Leonardo “Flaco” Jiménez, the singer, songwriter, and grasp accordionist, has died. Throughout a profession spanning over 70 years, which included collaborations with Bob Dylan, the Rolling Stones, and plenty of others, Jiménez helped to popularize the Mexican music birthed in his native South Texas alternatively referred to as conjunto, norteño, or Tejano, although Jiménez typically most well-liked to label it Tex-Mex. No reason behind dying was given in the Facebook post from Jimenéz’s household saying his dying. He was 86 years outdated.
Born in San Antonio, Texas, Jiménez got here from a lineage of accordionists, together with his grandfather, Patricio, and father, Santiago Jiménez Sr. A pioneer of conjunto who injected his sound with accordion melodies impressed by the German and Czech polkas and waltzes he heard at dance halls in South and Central Texas, Santiago didn’t want to show his son methods to play the instrument; as a substitute, the youthful Jiménez discovered the instrument himself at age seven merely from listening to his father play. “I used to be self-taught,” Jiménez defined to NPR in 2014. “You recognize, I used to look at my dad play at residence and feeling the instrument—not simply enjoying it, however feeling it, .” He rapidly earned the nickname “Flaco,” or “Skinny,” the identical moniker that his father used when he started enjoying music.
Jiménez’s unmatched exuberance and ability on the accordion made him a fast-rising star in his native Texas. He was a daily within the dirt-floor dance corridor scenes of cities and cities within the Sixties throughout the state, and he ultimately paired up with Douglas Sahm, the founding member of the Sir Douglas Quintet and a key inventive collaborator; the pair would go on to discovered the Texas Tornados, a conjunto supergroup that recorded seven albums.
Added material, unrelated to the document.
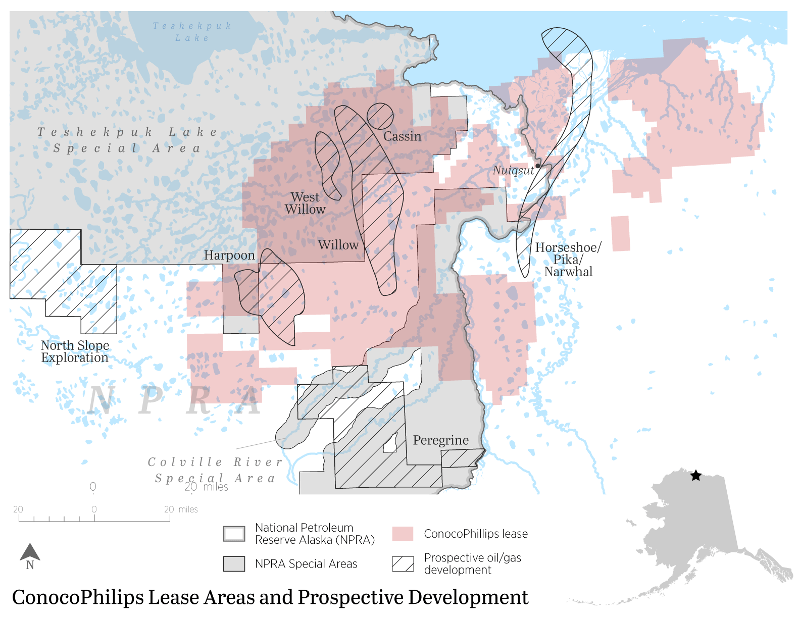- In November 2019, ConocoPhillips released a resource estimate of 450 million to 800 million barrels of oil equivalent for the Greater Willow Area.

In 1973, Sahm recruited Jiménez to contribute to his Doug Sahm and Band album, the place he brushed shoulders with luminaries like Bob Dylan and Dr. John, paving the way in which for Jiménez’s personal breakthrough. “Doug informed me ‘you’re not imagined to play simply that easy, conventional conjunto music,’” he mentioned in a 2000 interview. “There are such a lot of gamers who stayed in the identical crater like my papa did. Doug confirmed me there have been different worlds on the market.”
Over the next many years, Jiménez introduced his expressive accordion enjoying to collaborations with the Rolling Stones, Linda Rondstadt, Dwight Yoakam, and Ry Cooder, amongst many others. He launched over 25 studio albums of his personal and acquired six Grammy Awards in his lifetime, together with trophies for Greatest Nation Instrumental Album, in 1996, and the inaugural Greatest Tejano Music Efficiency, for 1998’s Mentioned and Achieved. “I began making conjunto extra progressive due to the flexibility that I imagine in,” Jiménez mentioned in an interview for PBS’ American Roots. “I feel it’s good to alter it a bit.”